Assistant Professor Noelani Goodyear–Ka‘ōpua

Background
Noelani Goodyear-Ka‘ōpua is a Kanaka ‘Ōiwi who was born and raised in Hawai‘i. She earned her BA in Political Science and Hawaiian Studies from UH Mānoa before completing her PhD at the University of California, Santa Cruz in History of Consciousness. As an associate professor of Indigenous and Hawaiian politics, Noelani teaches courses in Hawai‘i politics, Indigenous politics, and decolonial futures. She also currently serves as the undergraduate chair of the Political Science department.
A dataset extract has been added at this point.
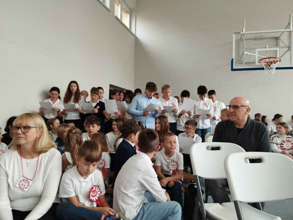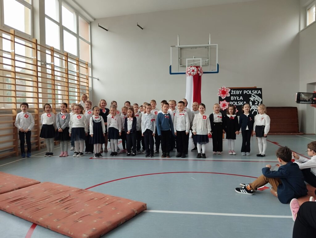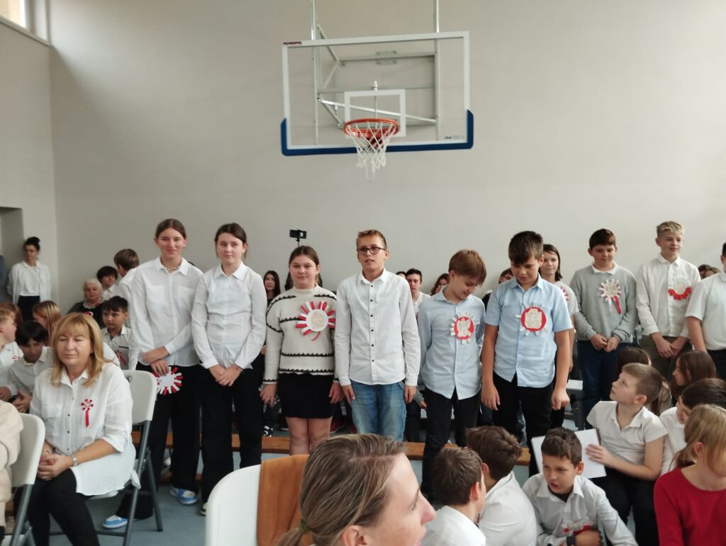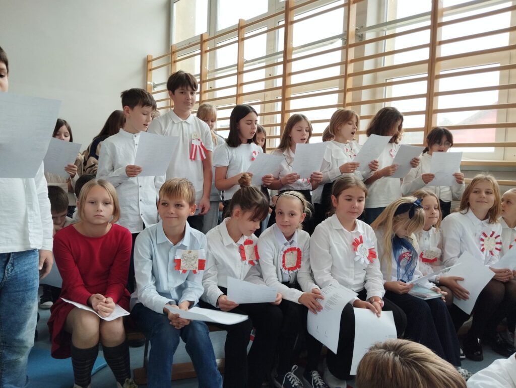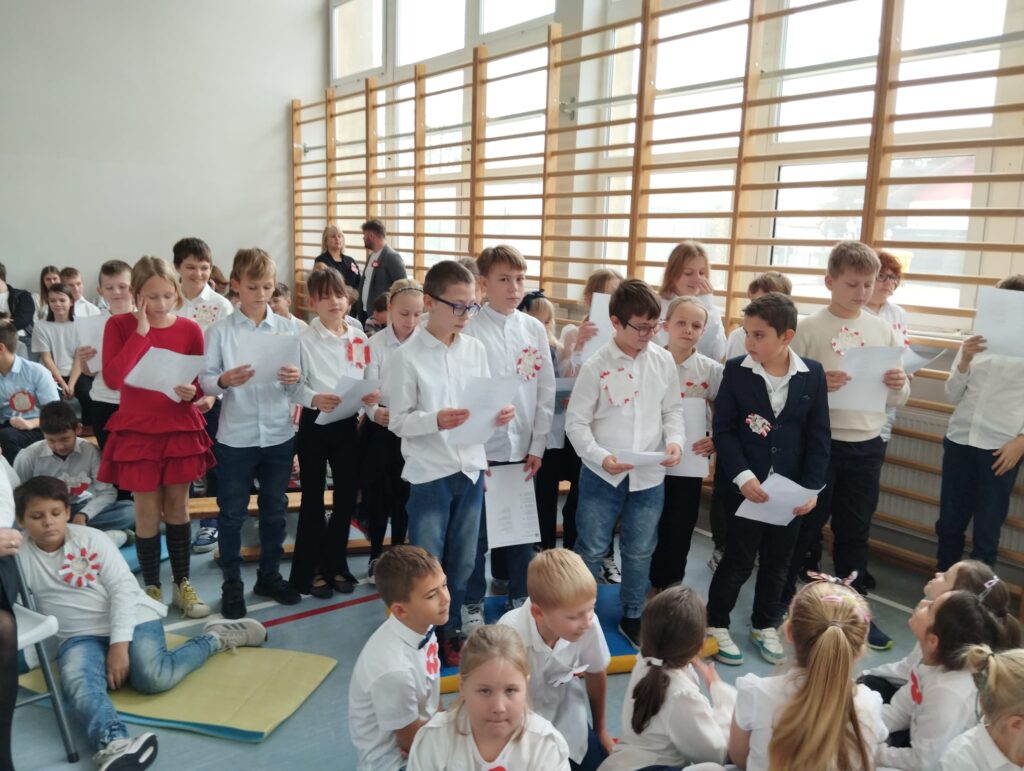 W wydarzeniu brały udział wszystkie klasy wraz z wychowawcami. Dzieci i nauczyciele wspólnie uczcili pamięć o bohaterach narodowych oraz ich niezłomnej walce o wolność. W części artystycznej uczniowie wprowadzili w atmosferę wydarzeń poprzedzających datę 11 listopada 1918 roku symbolizującą odzyskanie przez Polskę wolności po 123 latach niewoli, wspólne odśpiewali hymn oraz patriotyczne pieśni, a także wysłuchali wierszy . Przygotowana przez uczniów opowieść, o trudnej drodze do wolności, była wyrazem misji, jaką postawiła przed sobą szkoła: wychowania dzieci w duchu patriotyzmu i szacunku do Ojczyzny. Niech ten duch patriotyzmu pozostanie w nas nie tylko z racji Święta Niepodległości, ale także w hołdzie wszystkim poległym za wolność naszej ojczyzny. Anna Danielczyk, Renata Klimecka.

The ethics and practices of aloha ‘āina guide her academic and community work, as she seeks to document, analyze and proliferate the ways people are transforming imperial and settler colonial relations by mobilizing Indigenous political values and processes. For example, her research has focused on the politics of designing and implementing Native Hawaiian culture- and land-based educational initiatives within and against settler state structures. Her book, The Seeds We Planted: Portraits of a Native Hawaiian Charter School (University of Minnesota Press, 2013), discusses some of these tensions and the ways educators and students navigate them. Noelani also teaches and writes about Indigenous social movements, participatory & activist research methods, and Hawaiian sovereignty. Her second book, Ea: Hawaiian Movements for Life, Land and Sovereignty (Duke University Press, forthcoming), is a collection co-edited with Ikaika Hussey and Kahunawai Wright that explores late-20th and early 21st century Hawaiian organizing for justice and self-determination. More recently, she has also become interested in the intersections of energy and food politics with Indigenous social and political health.
Research Interests
My current research projects include a book project on the politics of Hawaiian education, from the 19th century to the present, and a video oral history project gathering stones of Hawaiian land struggle. I am deeply interested in Native–designed and controlled systems of governance and education; indigenous and participatory research methods; and community–based sustainable food and water projects.
Courses Taught
Hawai‘i Politics (POLS 301)
This course in Hawai‘i politics focuses on major institutions that have shaped island life over the last two centuries. Throughout the course, we will investigate the intersectionalities of power that operate through the various institutions we engage. This strong grounding in historical context provides class participants with a foundation for developing their own analyses on contemporary issues. The course is grounded in Native Hawaiian perspectives, but it draws on a range of voices and emphasizes constructive dialogue between indigenous and settler perspectives. Our understanding of Hawai‘i Politics is further deepened by comparison with parallel issues and phenomena in the wider Oceania (Pacific Islands) region. Topics include: government, education, land, water, energy, food, race and class.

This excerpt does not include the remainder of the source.